The law has been invaluable for investigators in child pornography cases and to develop probable cause to obtain warrants against suspected criminals, said Richard Littlehale, head of a high-tech investigative unit with the Tennessee Bureau of Investigation. He said the privacy problem has been overstated and that the law should be changed to compel service providers to retain every text message and email in case law enforcement needs access to it later.
"The truth is that no one has put forward any evidence of pervasive law enforcement abuse of ECPA provisions," Littlehale told the House panel.
Greg Nojeim, senior counsel at the Center for Democracy and Technology, said these proposals "run in the opposite direction" of where Congress is headed and are unlikely to gain traction. Allowing warrantless review of email logs in particular, he said, "removes a judicial check on a very intrusive surveillance power. Records about who you communicate with can almost be more revealing than the content of your communications."

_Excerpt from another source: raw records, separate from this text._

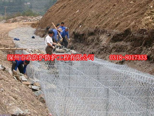 6、用作拋石籠的格賓網(wǎng)箱或網(wǎng)箱組,制作程序應(yīng)按每層格賓網(wǎng)箱的施工步驟進(jìn)行。
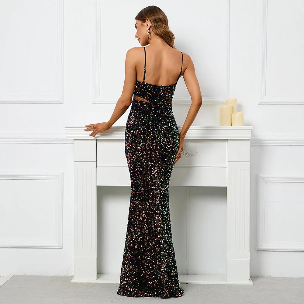 Backless Sequin Off Shoulder Maxi Dress
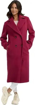 Damen Mantel in Woll-Optik langer klassischer Trenchcoat Frostjuwel 14 Berry Wine Gr. XL
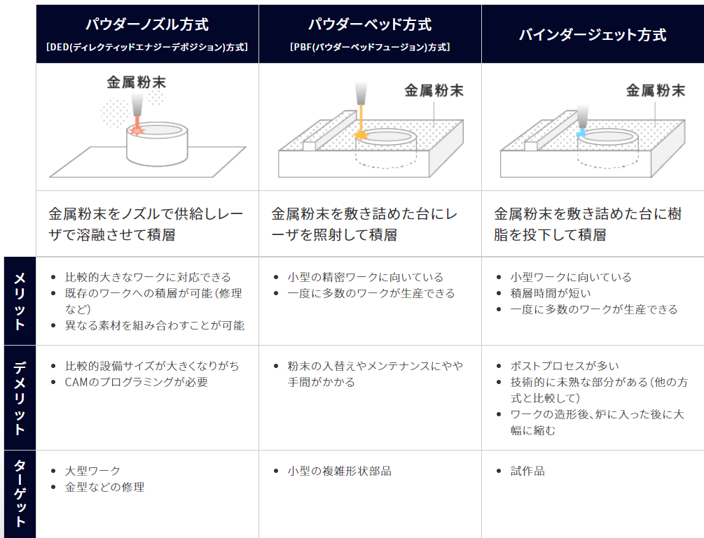 AM技術を用いた加工方法は近年多くの技術が開発されていますが、ここでは主に3つの方式について説明します。金属粉末をノズルで供給しレーザで溶融させて積層するパウダーノズル方式(DED方式)、金属粉末を敷き詰めた台にレーザを照射して積層するパウダーベッド方式(PBF方式)、そして金属粉末を敷き詰めた台に樹脂を投下して積層するバインダージェット方式です。
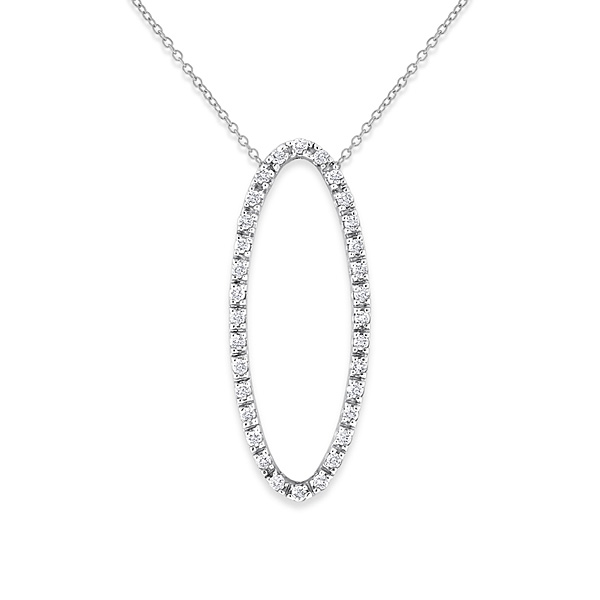 Diamond Oval Necklace in 14k White Gold with 32 Diamonds weighing .34ct tw
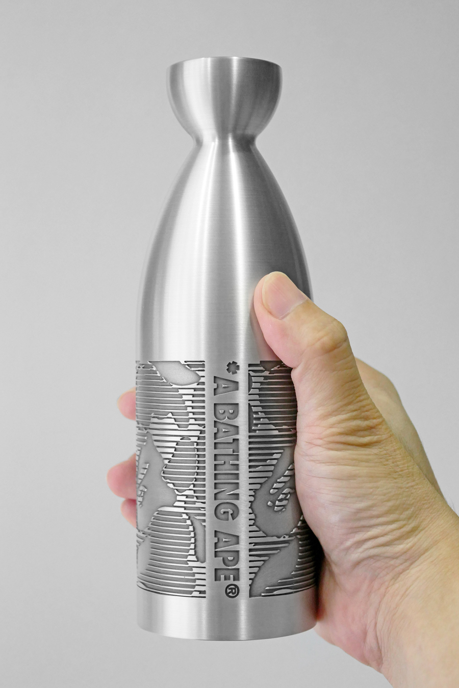 這壺身刻鍍了一行 *A BATHING APE®︎ 的字樣,而圍繞著它的這是線條與迷彩圖案,實在太精緻啦!
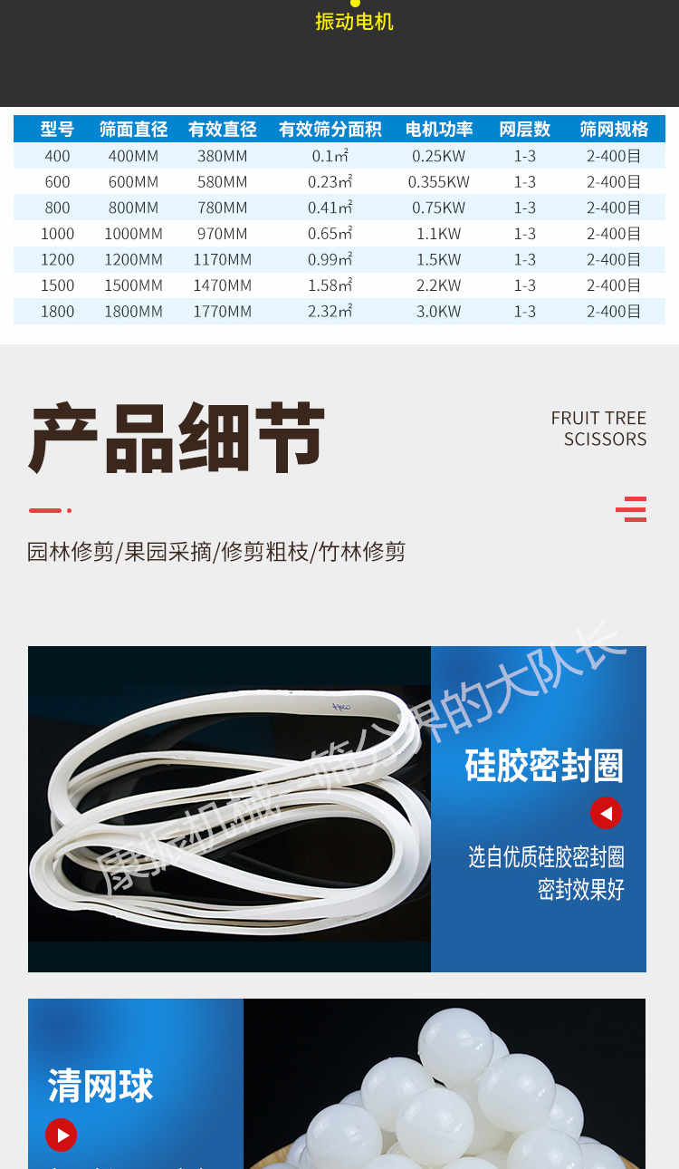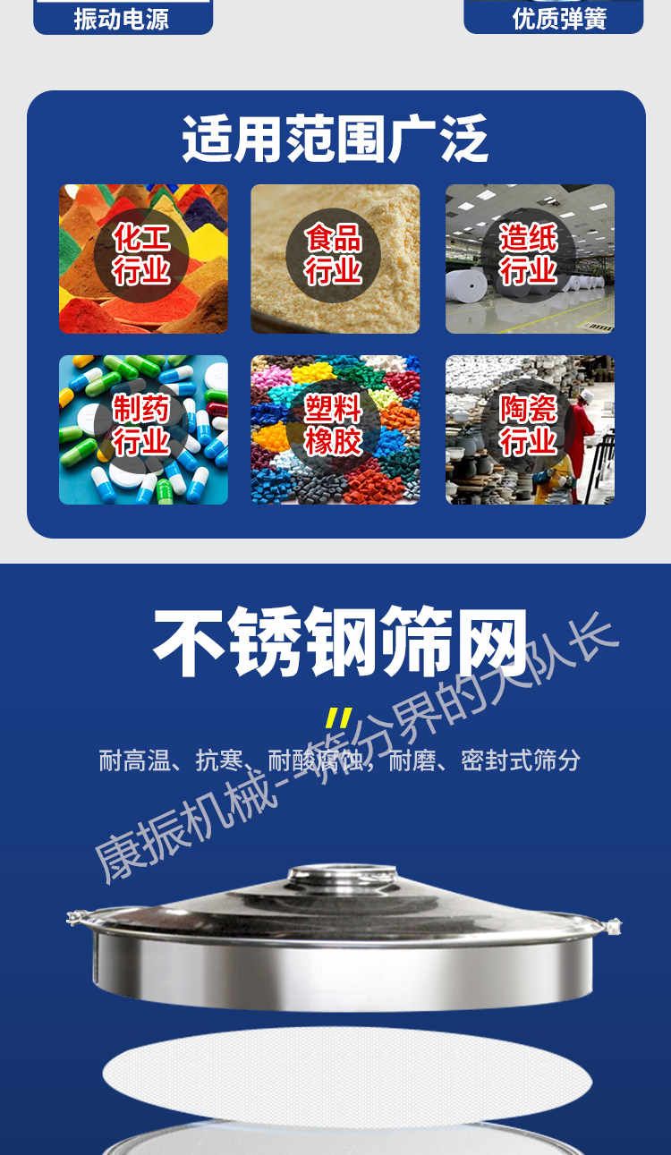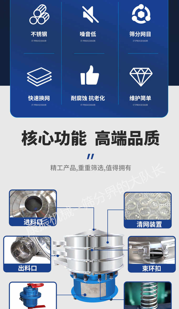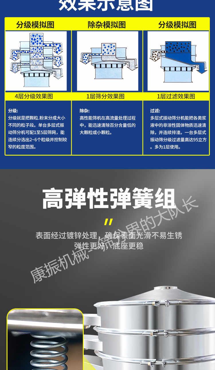 篩選范圍廣--只有系列三次元旋振篩能分選如此廣的原料范圍:任何顆粒、細粉、漿液都可以篩選。篩分細500目(28微米),過濾細5微米。網(wǎng)孔防堵塞--三次元振動功能及自動清理堵網(wǎng)裝置把堵網(wǎng)幾率降到小。 單層或多層分選--每臺旋振篩可選一至五層篩網(wǎng),能同時進行二到六個等級的分選或過濾。

Hanni Fakhoury, a staff attorney with the Electronic Frontier Foundation, agreed and said he thinks the Justice Department changed its position on warrantless email snooping because it had little choice.
"I feel like they were the last people in the world to come to the conclusion," he said. "DOJ has very little to lose coming around to saying,
'OK, we're going to require a search warrant.'"
The Justice Department declined to comment.